When n pieces of piezoelectric ceramics are stacked in a series connection, under the external load F, the open circuit voltage U_s, the generated charge Q_s and the electrical energy E_s are respectively as follows:

Q_{s} = d_{33} F

(8)

U_{s} = \frac{n d_{33} F h_{0}}{ε_{r} ε_{0} A_{0}} = \frac{d_{33} F h_{t}}{ε_{r} ε_{0} A_{0}}

(9)

E_{s} = \frac{1}{2} \frac{n d_{33}^{2} F^{2} h_{0}}{ε_{r} ε_{0} A_{0}} = \frac{1}{2} \frac{d_{33}^{2} F^{2} h_{t}}{ε_{r} ε_{0} A_{0}}

(10)

The stack structures can be composed of several ceramic pieces in series and parallel. According to the above equations, the parallel connection will affect the amount of charge, but will not affect the open circuit voltage; and the series connection is just the opposite. They generate the same amount of electricity power. When the total height of the stack piezoelectric units is fixed, the number of layers affects the parallel mode. The open circuit voltage is inversely proportional to the number of layers, and the induced charge is directly proportional to the number of layers. However, the total amount of energy is not affected in the above cases. If the total volume of piezoelectric units is fixed, with the increase of the height to cross-sectional area ratio, the voltage and power generation both increase, and the charge is not affected.

2.4. Experimental Method

2.4.1. Piezoelectric Unit Test

In this experiment, the test system included loading equipment and the electrical signal acquisition devices (as shown in Figure 4). The loading equipment was the Hydraulic Servo Universal Material Testing Machine-Cooper HYD 25-II. It can provide a maximum load of 25 kN, a load frequency range of 0 to 70 Hz, and a temperature range between −20 and +60 °C (±0.2 °C). Its load control accuracy is 0.1 kN, and its frequency control accuracy is 0.1 Hz. In this study, the loading equipment HYD 25-II was used to provide sinusoidal load. The loading parameters to be set include load frequency, f, load amplitude, F_amp, and mean load, F_mean. The force applied to the piezoelectric body is two times that of the F_amp with a preload, which is equal to F_mean minus F_amp. The load-time equation is as follows:

F (t) = F_{a m p} \sin (2 π f t) + F_{m e a n}

(11)

where F_amp is the load amplitude, in kN; f is the load frequency, in Hz; and F_mean is the mean load, in kN. In the experiment, an oscilloscope and a charge amplifier were used to obtain the voltage signal and the charge signal. The oscilloscope can directly measure the voltage waveform of analog signal. The type of the oscilloscope was Tektronix MDO 3014 with four analog channels and 16 digital channels. Its bandwidth is 100 MHz and its sampling rate is 2.5 GS/s. The recording length is 10 M points. The high voltage probe P5100a was selected, which can measure 2.5 kV peak voltage. It can meet the measurement range of the high output voltage of piezoelectric ceramics.

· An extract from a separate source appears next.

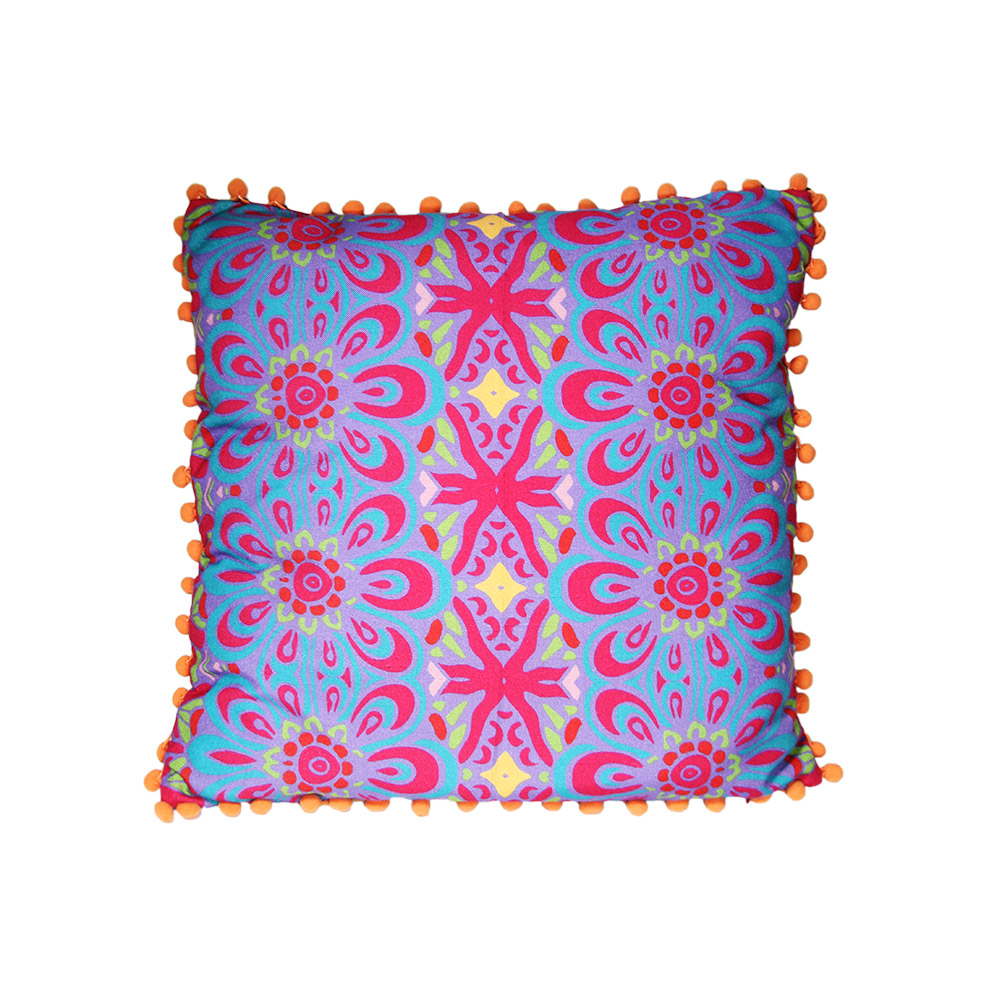 Un cojín con acentos mexicanos y mucho colorido.
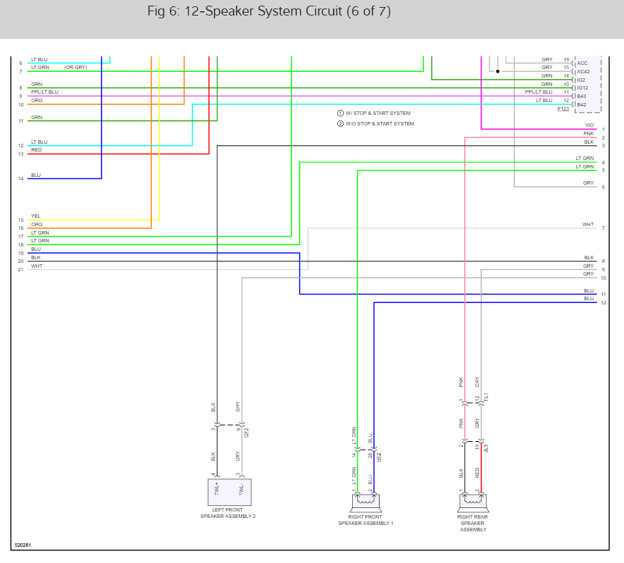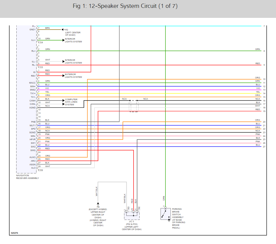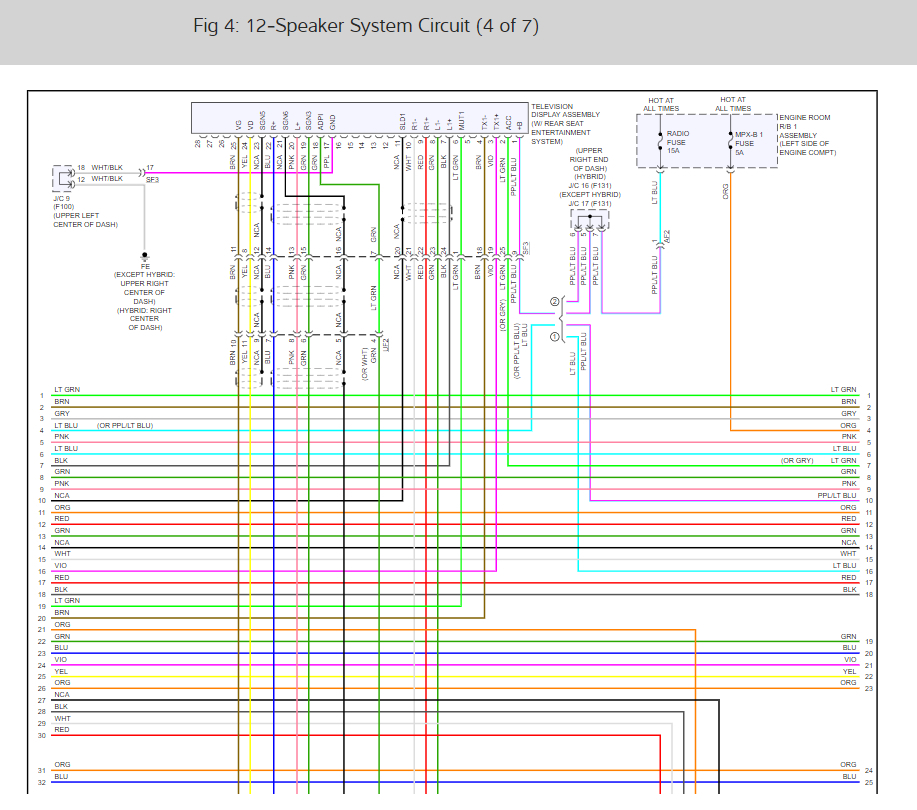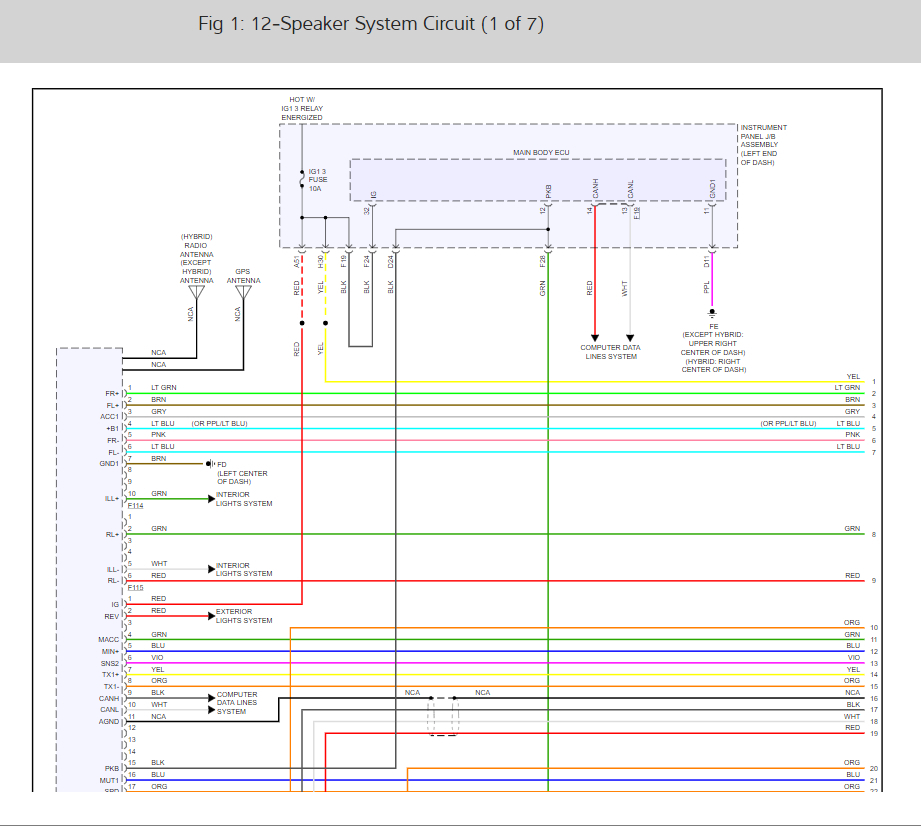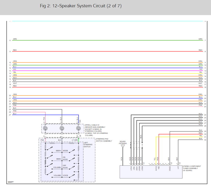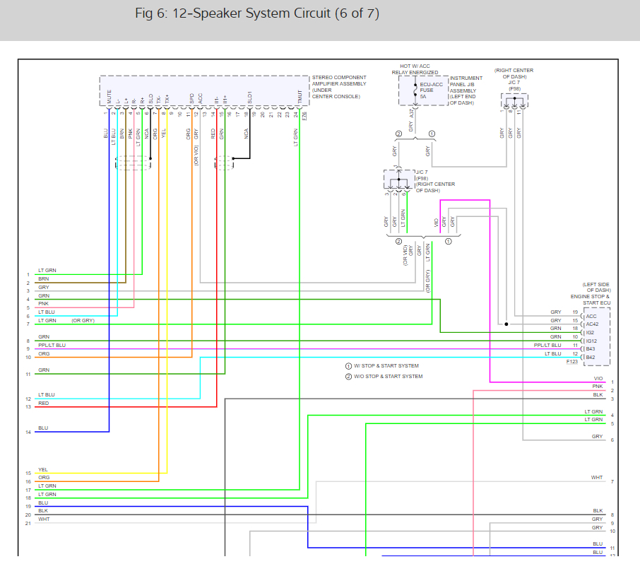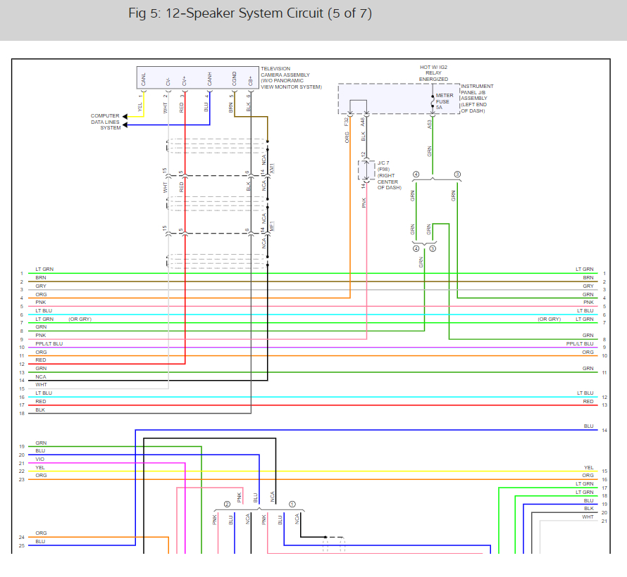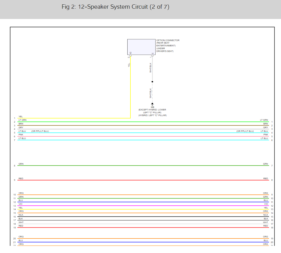 Here are the radio and speaker wiring diagrams for the 7 speaker system (below) along with a guide to check the wiring:

The charge amplifier ICA 105 was used for charge measurement. The charge amplifier module converts the amount of charge into the voltage value, which can be measured with an oscilloscope. The charge amplifier sensitivity is 10⁻⁵ C/V. The charge amplifier can set the magnification to 1, 2, 10, 25 and 200 times and the maximum measurement range is ±3 × 10⁻⁵ C.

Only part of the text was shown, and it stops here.